Shilong Zhang (张士龙)

Shilong is a final-year Ph.D. student (2023–present) at MMLab@The University of Hong Kong (HKU), advised by Prof. Ping Luo. Previously, he worked with Kai Chen and contributed as a core developer to MMDetection and MMCV.

He completed his Bachelor's degree from the University of Science and Technology of China (USTC) in 2019, distinguishing himself as one of the top 4% outstanding graduates.

Research

My research agenda connects visual perception/understanding and generation, aiming to build unified models that truly understand the world, rather than merely translating between modalities.

  • 2020–2022 · Object Detection
    My research began with object detection, focusing on efficient architectures and training.
  • 2022–2023 · Multimodal Understanding
    With the rise of large language models around 2022, I recognized that multimodal large language models would be central to the future of AI, which led me to explore vision–language models. However, I soon realized a fundamental limitation of dominant VLM paradigms: projecting vision into language space does not genuinely enable models to learn visual knowledge.
  • 2023–2025 · Generative Models
    This insight motivated my transition to vision generation, where models are forced to internalize visual structure, semantics, and dynamics directly from data—much closer to how humans learn by continuously predicting visual content.
  • 2025 · Unify
    After accumulating substantial experience in generative modeling, by 2025 it became clear—to both the community and myself—that understanding and generation should be unified. I therefore focus on what I consider the most urgent problem in unified modeling: a single, principled visual encoder that supports both understanding and generation. This led to PS-VAE, a key step toward a unified encoder enabling understanding, generation, and editing within a shared representation space.
  • Next · Video Unified Models
    Looking forward, I believe images alone are insufficient for learning rich and grounded world knowledge, and I am particularly excited about video-based unified models, which I see as a potential next major leap beyond LLMs by capturing dynamics, causality, and long-term structure.

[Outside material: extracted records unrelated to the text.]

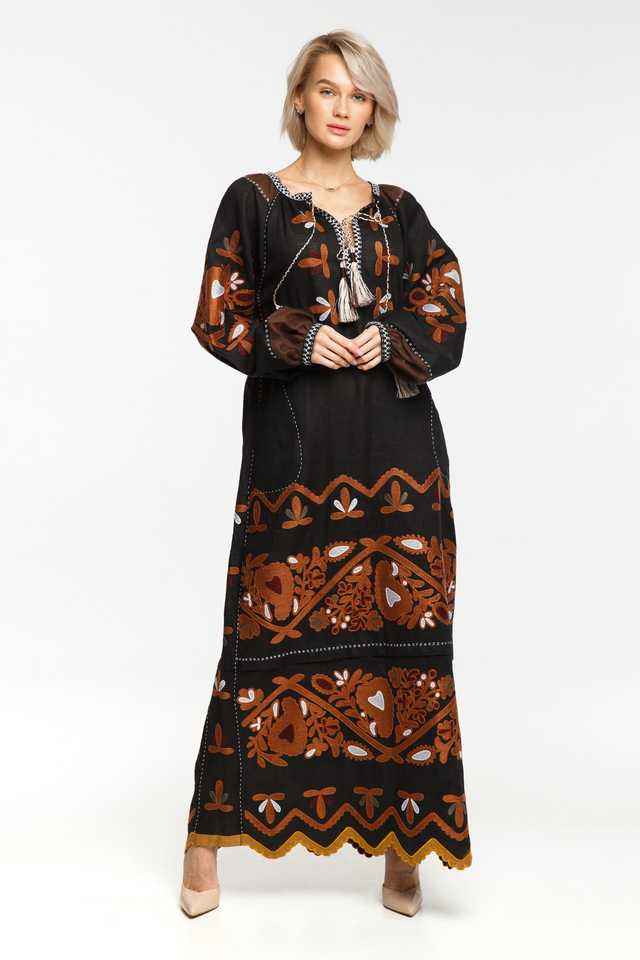 Bordado Vyshyvanka étnico ucraniano Folk vestido de lino natural estilo bohemio Maxi vestido de verano con borla decoración vestido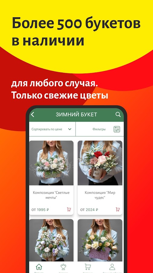 В приложении огромный выбор — можно купить как готовое решение от флориста, так и оформить Ваш подарок на свой вкус. Мы предлагаем розы, хризантемы, лилии, пионы, гортензии, ромашки, ирисы, кустовые розы и другие цветы.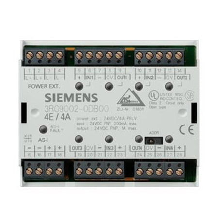 Siemens 3RG90040DC00, AS-Interface Module F90, Digital 4 DI/4 DQ, IP20 4 x Inputs For 3-Wire Sensor External Sensor Supply 4 x Output, 2 A, 24 V DC Maximal 6 A For All Outputs Connection Via Combicon
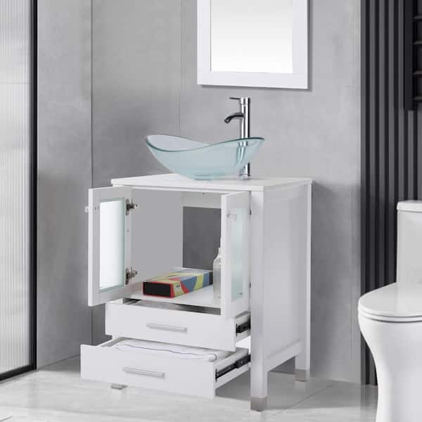 24 in. W x 20 in. D x 32 in. H Single Sink Bath Vanity in White with Clear Glass Vessel Sink Top Chrome Faucet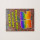 Este vibrante y emocionante arte urbano callejero y el diseño del rompecabezas inspirado en el graffiti de cumpleaños presenta un gran número "25" con un colorido patrón inspirado en el gradiente del espectro del arco iris, junto con el mensaje "Feliz cumpleaños 25", y un nombre de personalizable. El fondo está decorado con un patrón de pared de ladrillo. Un colorido rompecabezas de cumpleaños editable como este podría ser usado para reconocer el 25º cumpleaños de alguien. [~Z0000545]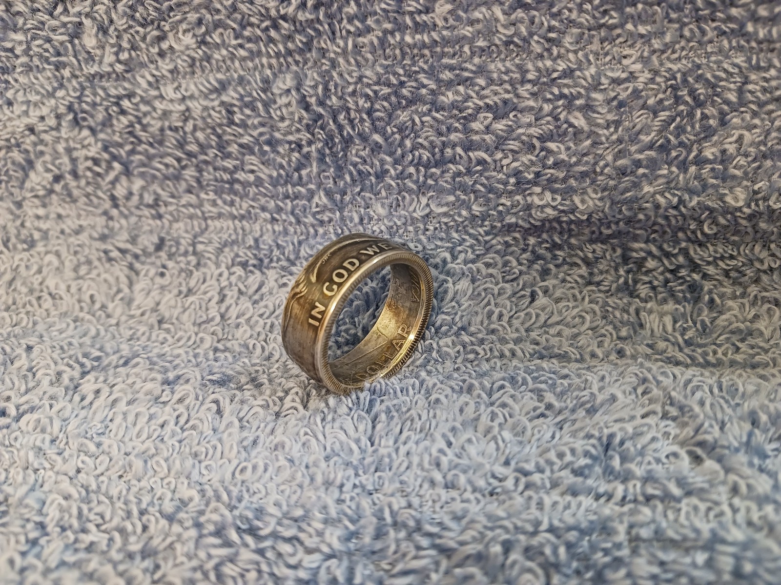 Handcrafted 1950 Franklin 90 silver half dollar coin ring size 11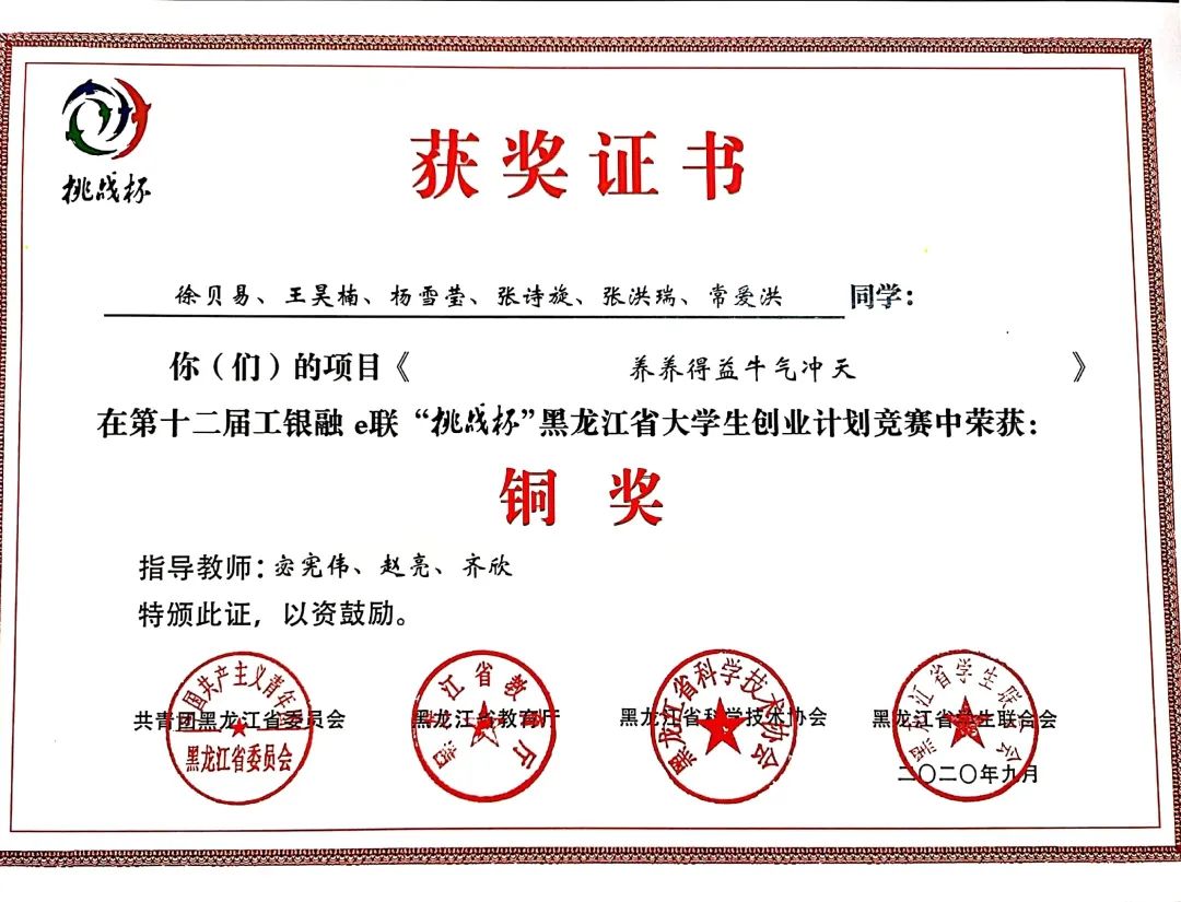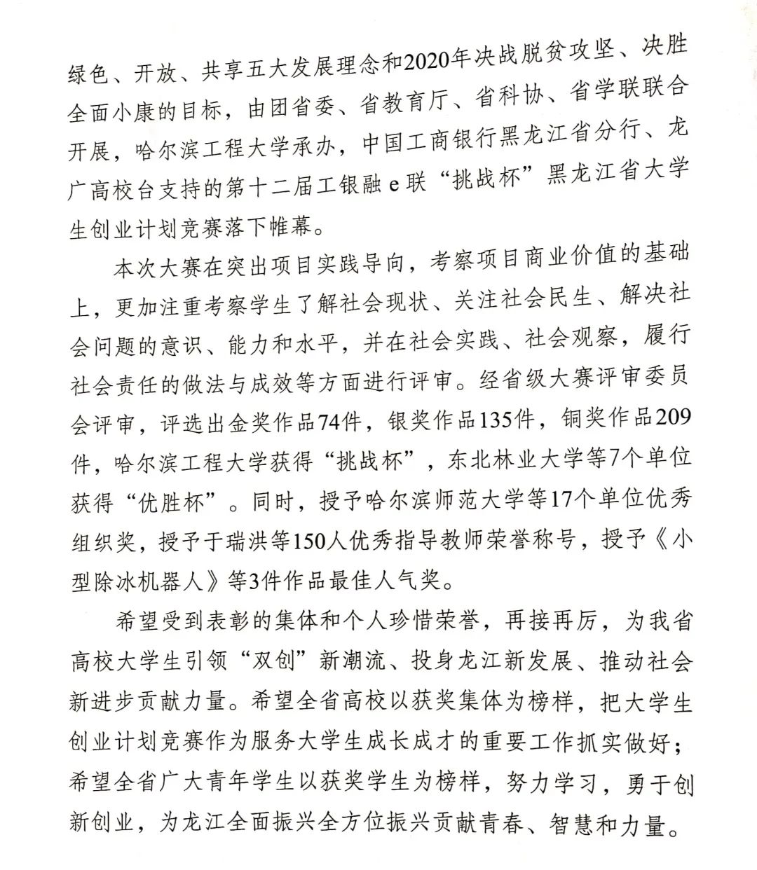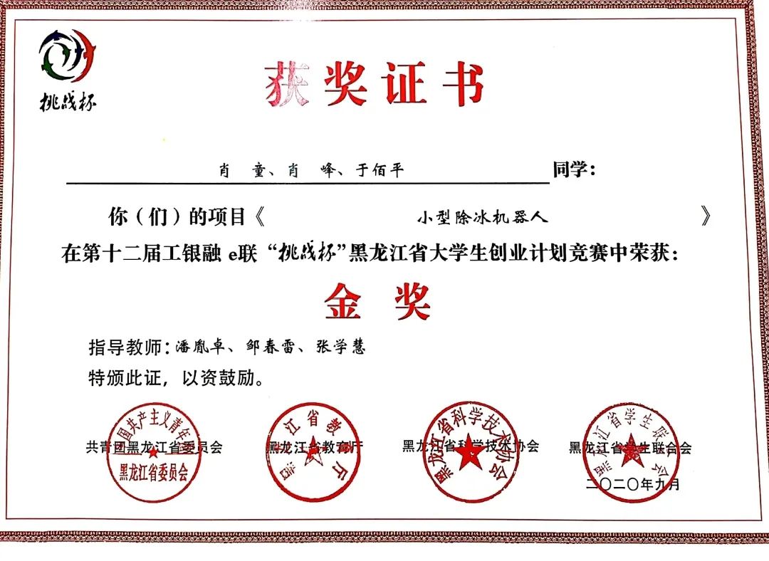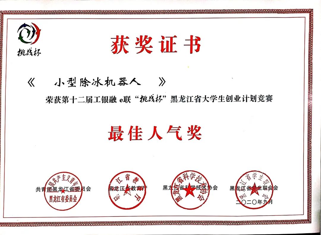 9月8日,团省委、省教育厅、省科学技术协会、省学生联合会联合印发了《关于表彰第十二届工银融e联“挑战杯”黑龙江省大学生创业计划竞赛获奖集体和个人的决定》(黑青联字[2020]13号)文件,贝博官网参赛项目荣获大赛金奖四项、银奖二项、铜奖三项,有三项作品被推荐至国赛,由机械工程学院教师潘胤卓指导,学生肖童负责的《小型除冰机器人》项目以总票数排名第一的成绩荣获“最佳人气奖”,贝博官网荣膺大赛“优胜杯”,创造了贝博官网“挑战杯”参赛史最佳成绩。

If your team shares this perspective, I would be glad to connect and discuss potential collaborations.

Recent News

Publications

Only first-/co-first-author papers are listed. Full list: Google Scholar.
PS-VAE thumbnail

[1] Both Semantics and Reconstruction Matter: Making Representation Encoders Ready for Text-to-Image Generation and Editing

Shilong Zhang, He Zhang, Zhifei Zhang, Chongjian Ge, Shuchen Xue, Shaoteng Liu, Mengwei Ren, Soo Ye Kim, Yuqian Zhou, Qing Liu, Daniil Pakhomov, Kai Zhang, Zhe Lin, Ping Luo

We systematically adapt understanding-oriented encoder features for generation/editing by jointly regularizing semantics and pixel reconstruction, compressing both into a compact 96-channel latent (16×16 downsampling). This points to the potential of a unified encoder that supports understanding + generation/editing within a single model backbone.

FlashVideo thumbnail

[2] FlashVideo: Flowing Fidelity to Detail for Efficient High-Resolution Video Generation

Shilong Zhang*, Webo Li*, Shoufa Chen, Chongjian Ge, Peize Sun, Yida Zhang, Yi Jiang, Zehuan Yuan, Binyue Peng, Ping Luo
AAAI 2026(* Equal contribution)

(a) Dividing the process into prompt fidelity and quality enhancement stages, delivering a stunning reduction in DiT's computational load. (b) Enabling users to preview the initial output and accordingly adjust the prompt before committing to full-resolution generation, thereby significantly reducing wait times and enhancing commercial viability.

DDQ-DETR thumbnail

[6] Dense Distinct Query for End-to-End Object Detection

Shilong Zhang*, Xinjiang Wang*, Jiaqi Wang, Jiangmiao Pang, Chengqi Lyu, Wenwei Zhang, Ping Luo, Kai Chen
CVPR 2023 (* Equal contribution)

DDQ-DETR achieves 52.1 AP on MS-COCO dataset within 12 epochs using a ResNet-50 backbone, outperforming all existing detectors in the same setting.

SEPC thumbnail

[9] Scale-equalizing Pyramid Convolution for Object Detection

Xinjiang Wang*, Shilong Zhang*, Zhuoran Yu, Litong Zhang, Wayne Zhang
CVPR 2020 (* Equal contribution)

We proposed a scale-equalizing pyramid convolution method that relaxes the discrepancy between the feature pyramid and the gaussian pyramid. The module boosts the performance about 3.5 mAP in single-stage object detection with negligible inference time.